WHAT TO WORK ON: Up to and including the line with "Firma Cenega poinformowała, że", restate every line of the records below word for word, from the first line on, leaving out the pictures.

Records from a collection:
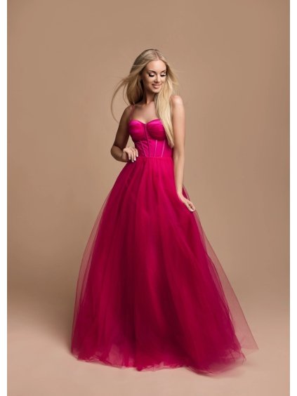 Krásné dlouhé šaty saténový korzet , tylová sukně fuchsiová Další barvy
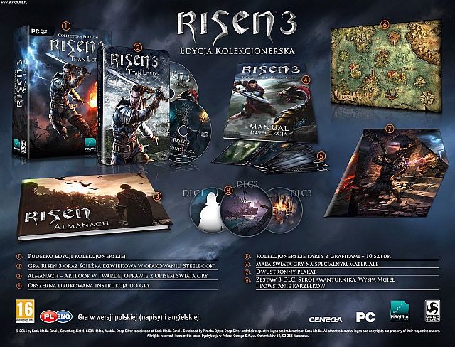 Firma Cenega poinformowała, że poza wydaniem standardowym gry Risen 3: Władcy tytanów szykowane są także dwie wersje specjalne w postaci Edycji Kolekcjonerskiej oraz Edycji Władcy Cienia. Niestety, obie dostępne będą wyłącznie dla posiadaczy pecetów, podczas gdy użytkownicy konsol będą musieli obejść się smakiem.
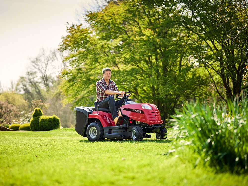 Dieser Aufsitzmäher ist ideal für mittelgroße und große Flächen dank des robusten 102 cm breiten Zweiklingen-Mähwerks.
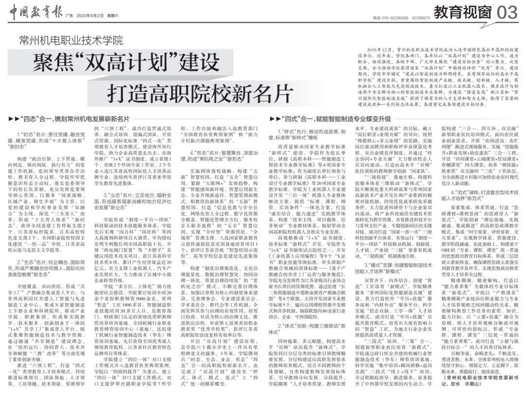 2019年12月,常州机电职业技术学院成功入选中国特色高水平高职院校建设单位。近年来,学院各部门、各单位以“双高计划”建设为中心工作,通力配合、协同推进,各级干部、广大师生围绕“建设目标任务”同心聚力、攻坚克难,合力推动学校获得国家“双高计划”中期绩效评价“优秀”等次。建设期内,学院牢牢锚定“建成以智能制造为鲜明特色、具有领军地位的高水平高职学校”建设目标,紧密围绕智能制造产业链、技术链、创新链、人才链,有机融合人工智能与先进制造技术,着力打造以工业机器人技术、模具设计与制造两个专业群为核心的智能制造专业集群,为建设“强富美高”新江苏和“常州国际化智能制造名城”提供了强有力的人才支撑和智力支持,取得了显著的建设成效和一系列标志性成果,高质量完成各项建设目标任务。
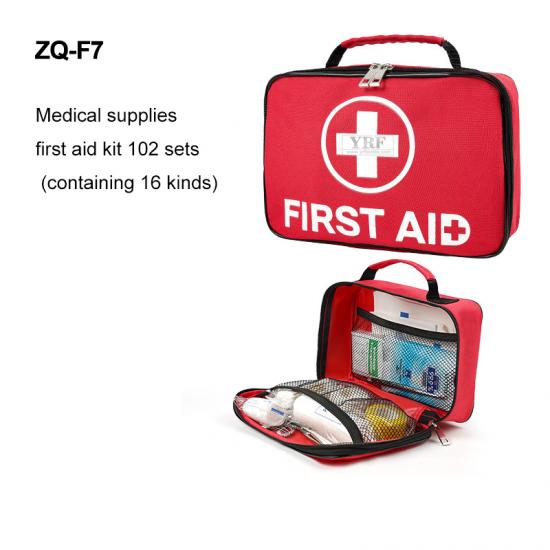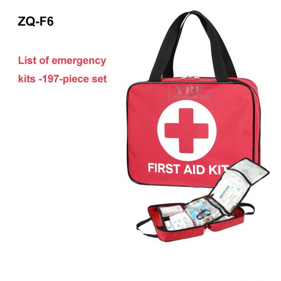 Марлева серветка (розмір 2) *4, Подушка для очей *2, Таблетки йодофору *100, Аптечка для екстреної допомоги *1, Пластир *20, Мішечок з ватними тампонами *2, Пакет з льодом *1, Пластир PBT *4, Маска N5 *5, Ножиці *1, Спиртові таблетки *50, Дезінфікуючі вологі серветки *1, Рукавички з ПВХ *2, Трикутний бинт *2, Ковдра для надання першої допомоги *2

COMPLETED TASK:
 Krásné dlouhé šaty saténový korzet , tylová sukně fuchsiová Další barvy
 Firma Cenega poinformowała, że poza wydaniem standardowym gry Risen 3: Władcy tytanów szykowane są także dwie wersje specjalne w postaci Edycji Kolekcjonerskiej oraz Edycji Władcy Cienia. Niestety, obie dostępne będą wyłącznie dla posiadaczy pecetów, podczas gdy użytkownicy konsol będą musieli obejść się smakiem.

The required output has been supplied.